I wish they would see that I’m not a bad fella.

I wouldn’t mind Swiss, and I like Mozzarella.

I’m better with Cheddar, perhaps Colby Jack,

And I’ve waited so long, at the front of the sack,

for someone to reach in and take me away,

So give me a chance, world. What do you say?”

 

In reached a Hand, to Breadmond’s surprise.

He formed his best smile, and he widened his eyes.

His heart skipped a beat! Maybe this one would find him!

But it sank as the Hand grabbed two slices behind him.

 

As it would seem, time wounds all heels.

Just think of the sadness that poor Breadmond feels.

As slices are gone and the bread bag gets thinner,

he knows that he’ll never be taken to dinner.

The Hands kept on coming, some slow, and some fast,

but Breadmond gave up. He would always get passed.

How many were left? Was it three? Was it four?

“Forget it.” he said. “I don’t care anymore.”

 

Soon the middle was gone, as you might have guessed.

But he didn’t notice. He couldn’t care less.

The others were right. He was destined to fail.

He was no longer sad, for his heart had grown stale.

So he sat, apathetic, as still as a stone.
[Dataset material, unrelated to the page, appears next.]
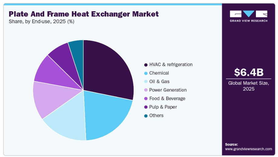 HVACおよび冷凍セクターは、プレート・フレーム式熱交換器市場を牽引しており、2025年には28.2%のシェアを占めました。これは、商業、家庭用、および産業分野において、効率的な冷暖房システムへの需要が広範に存在するためです。これらの熱交換器は、エネルギー効率の向上、運用コストの削減、および室内気候制御の維持において極めて重要な役割を果たしています。急速な都市化とスマートビルディング技術の台頭が、導入をさらに後押ししています。快適性向上のための冷房およびプロセス用冷凍の両方において重要な役割を果たしていることが、その市場シェアの首位を確固たるものにしています。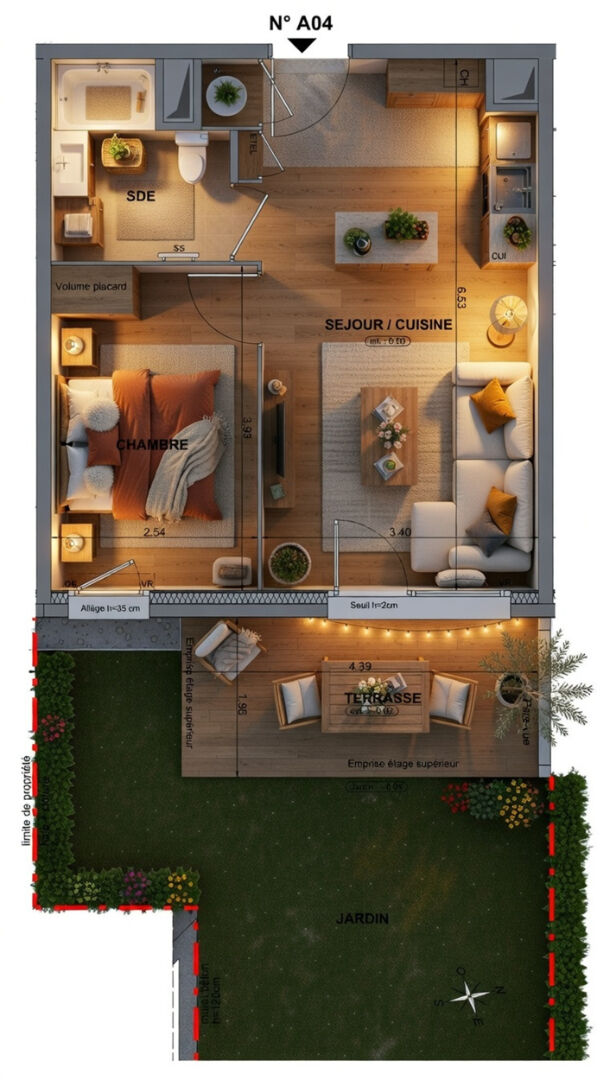 Terrasse de 8,60 m² et jardin de 33,61 m² pour des moments en plein air, en toute intimité.

Waiting for nothing. But he wasn’t alone.

 

“Excuse me,” a gentle voice spoke from behind,

“But am I getting close to the front of the line?
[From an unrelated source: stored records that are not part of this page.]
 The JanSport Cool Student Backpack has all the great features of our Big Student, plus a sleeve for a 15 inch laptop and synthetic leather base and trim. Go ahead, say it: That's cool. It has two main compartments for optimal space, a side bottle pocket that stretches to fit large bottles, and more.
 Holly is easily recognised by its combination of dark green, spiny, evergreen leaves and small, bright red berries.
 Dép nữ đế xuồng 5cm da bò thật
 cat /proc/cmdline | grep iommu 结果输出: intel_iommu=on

It seems like it’s moving at quite a slow pace.”

But Breadmond was still staring off into space.

 

“Hello?” she called out, making sure he could hear.

“Are you listening, sir? Am I coming in clear?”

He awoke from his trance. “Who might you be?” he said.

“My name,” she replied, “is Martina McBread.”

 

“Breadmond is mine.” he said, courteously.

“I’m sorry. Did you have a question for me?”

“I asked if the front was much farther ahead.”

“You’re already here, Miss Martina McBread.”

 

“Does that mean we’re a match? I don’t know about you,

But I’ve noticed that often the Hands will take two.”

“This may be the case,” Breadmond sighed, “but you’ll see,

that no one will ever be paired up with me.”

“I have to admit, I’m a little perplexed.

In theory, we both should be chosen. We’re next.”

 

“You don’t understand it!” He started to shout.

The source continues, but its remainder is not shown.